Most developers write error messages like this:
Error: Invalid parameter
Error: Not found
Error: 403
Those are for log files. An LLM gets these and has almost nothing to work with. It will guess. It will retry the same call. It will hallucinate a workaround. The model needed guidance. You gave it nothing.
Write error messages like you’re talking to a junior developer who just ran into this for the first time:
No customer found with email "sarah@acme.co".
Try searching by name with find_customer(query: "Sarah Chen")
or check if the email domain is different.
Cannot update order #4481: status is "shipped".
Only orders in "pending" or "processing" status can be modified.
Use get_order to check current status first.
Authentication expired. The user needs to re-authenticate
before this tool can access their calendar.
Do not retry this call. Tell the user their session has expired.
Each of these tells the model what went wrong, why, and what to try next. The model is good at recovering from failures when it has information to recover with. Your error messages are the information. I’ve watched the same agent loop five times and give up on a vague error, then self-correct in one try when the error told it what to do.
Same principle applies to success responses. If a tool creates a resource, return the ID and a hint about what the model might want to do next. Every response feeds the next step of a reasoning loop.
Don’t Sweat the Cold Start
I see developers agonize over Lambda cold starts and serverless spin-up times when building MCP servers. Understandable instinct. Wrong target.
Think about what’s happening in the exchange. A user says something to an agent. The agent reasons about it. The agent selects a tool. It formulates the parameters. It makes the call. It reads the result. It reasons about the result. It maybe calls another tool. Then it generates a response.
The model inference on either side of your tool call takes seconds. Often many seconds. The user is already waiting for a thinking, planning, generating loop that dwarfs the latency of a cold Lambda. A 500ms cold start that you spent a week eliminating was invisible inside a 15-second agent turn.
A Lambda cold start is fine. Optimize your server for correctness, clear responses, and sensible tool design. Those directly affect output quality. A 200ms response versus a 700ms response does not. The bottleneck is never your server. It’s the model.
Build Documentation Endpoints
Your MCP server can serve more than tools. It can serve context.
Add a tool called get_help or get_docs that returns usage guides for your other tools. Not the schema. A guide. When to use what. Common patterns.
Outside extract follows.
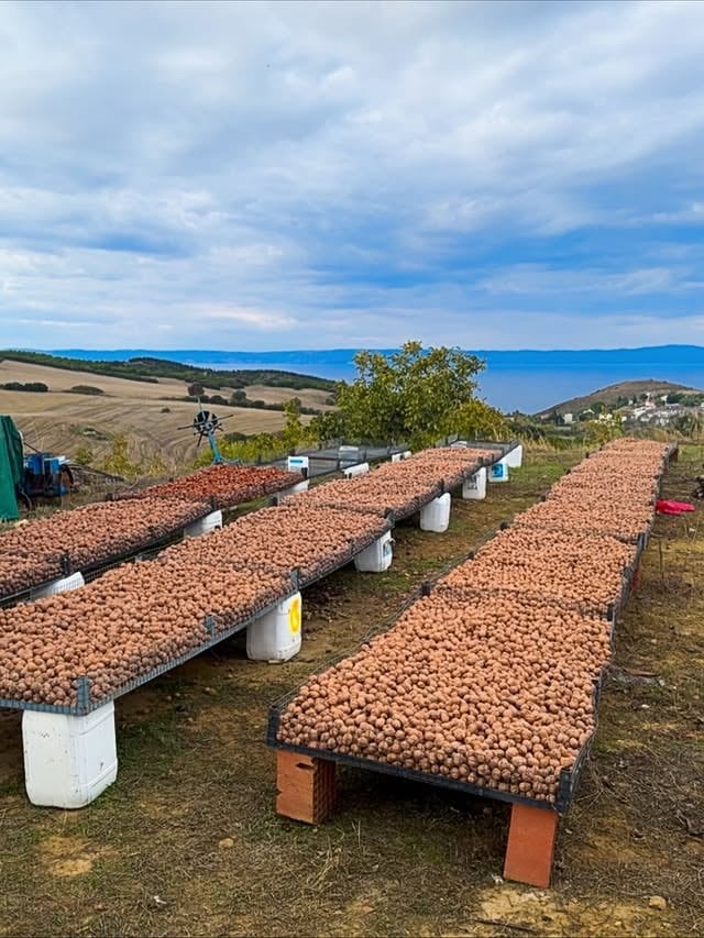 Ünlü oyuncu ayrıca ceviz hasadını da, “Her kırışta taze bir doğallık, her lokmada emeğin tadı var” sözleriyle takipçileriyle paylaştı.

Examples of multi-step workflows. You can reference it in your tool descriptions: “For complex queries, call get_docs(‘search’) first for query syntax.”
Think of it as a README the model can pull at the moment it needs it, rather than having it eat context space on every turn. On-demand context loading. If your tool API has any complexity beyond CRUD, this alone will improve how well models use it.
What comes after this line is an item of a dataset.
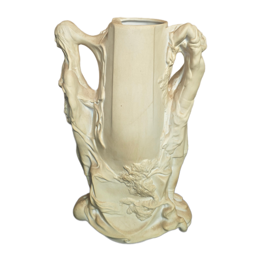 A ceramic decorative vase featuring a relief female figure and organic nature-inspired ornamentation, characteristic of the Art Nouveau style.
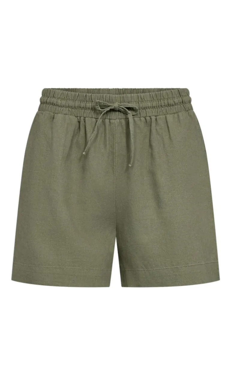 Bukserne er i hørkvalitet og har elastikkant, samt snøre i taljen.

You can split documentation by topic. get_docs("search") returns query syntax. get_docs("permissions") returns authorization rules. get_docs("workflows") returns common multi-step patterns. Organize it the same way you’d organize reference docs for a human. Break it up by what someone needs at the moment they’re stuck.
Models already seek help when they’re uncertain. Give them somewhere to look.
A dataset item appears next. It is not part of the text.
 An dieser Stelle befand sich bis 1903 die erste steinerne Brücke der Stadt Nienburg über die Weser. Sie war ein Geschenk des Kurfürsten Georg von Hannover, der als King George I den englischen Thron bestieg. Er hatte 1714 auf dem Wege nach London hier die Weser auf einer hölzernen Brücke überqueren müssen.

The Whole Server Is a Prompt
Every design decision in your MCP server is context engineering. Tool names, descriptions, parameter schemas, error messages, response formats. All of it lands in a context window and shapes how the model reasons.
The test is simple. Point an agent at your server with no system prompt guidance and see what happens. If it flounders, the problem is your server, not the model.
The model reads your tool definitions once, reasons about them, and commits to an action. There’s no second pass, no REPL, no docs tab open on the side. What you put in the schema, the descriptions, and the error messages is all it has to work with.
There’s also a surface most servers ignore: MCP Apps let your server render interactive UI directly in the conversation. Same design principles, more surface area.